(By Balaseshan) UBS Securities analyst Ami Fadia downgraded rating on shares of Perrigo Co. (NASDAQ:PRGO) to "Neutral" from "Buy" due to expensive valuation. The brokerage maintained its $120 price target on shares of the global healthcare supplier.
Fadia said Perrigo has had a nice run over the past few months as management continued to execute on the business and investors gravitated towards it given the defensive nature of the store brand industry.
The current price reflects a more than 21 times price-to-earnings multiple on 2013 consensus of $5.42 to which the analyst sees limited near-term upside. Separately, she is raising the 2013 tax rate from 29% to 30%, which net of other minor adjustments lowered her EPS estimate by $0.03.

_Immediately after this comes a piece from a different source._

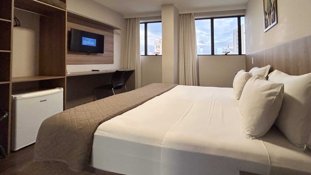 As acomodações do hotel são simples, mas confortáveis, com destaque para as suítes que contam com ar-condicionado, TV a cabo e wifi gratuito. A decoração é clean e funcional, sem frescura.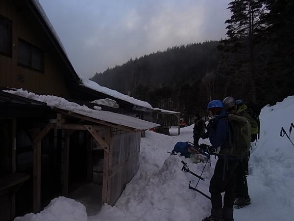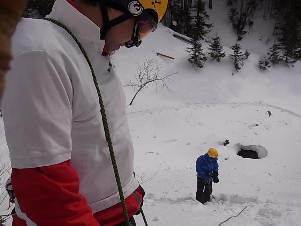 入山日は素晴らしい天気に恵まれました。ジョーゴ沢F2手前の右岸でロープを使ったビレイの練習をしました。ここは雪がやわらかくビレイ役より滑落役のほうが大変でした。

The brokerage lowered its 2013 EPS estimate for Perrigo to $5.42 from $5.45, while maintaining its 2012 estimate of $4.95.
Fadia said Perrigo faces a $0.38 per share headwind in 2013 due to one extra week's benefit that its SAP system added to 2012 (down $0.10) and one-time tax credits in 2012 (down $0.28).
While the analyst looks for CHC sales to grow double digits from new launches in the second half of 2012 and potentially a better cough/cold season than last year, she does not expect to see any big new product launches that could drive upside to consensus.
Fadia thinks nutritionals should start to see some growth as management improves its positioning and pricing. And generics sales should remain strong with the help of Paddock's pipeline, but this is largely expected.
The analyst continues to view Perrigo as a strong defensive name with strong fundamentals and a dominant position in the store brand sector. While the company's medium/long-term growth still looks attractive to her, she is stepping to the sidelines at current levels.
PRGO is trading down 1.70% at $112.81 on Friday.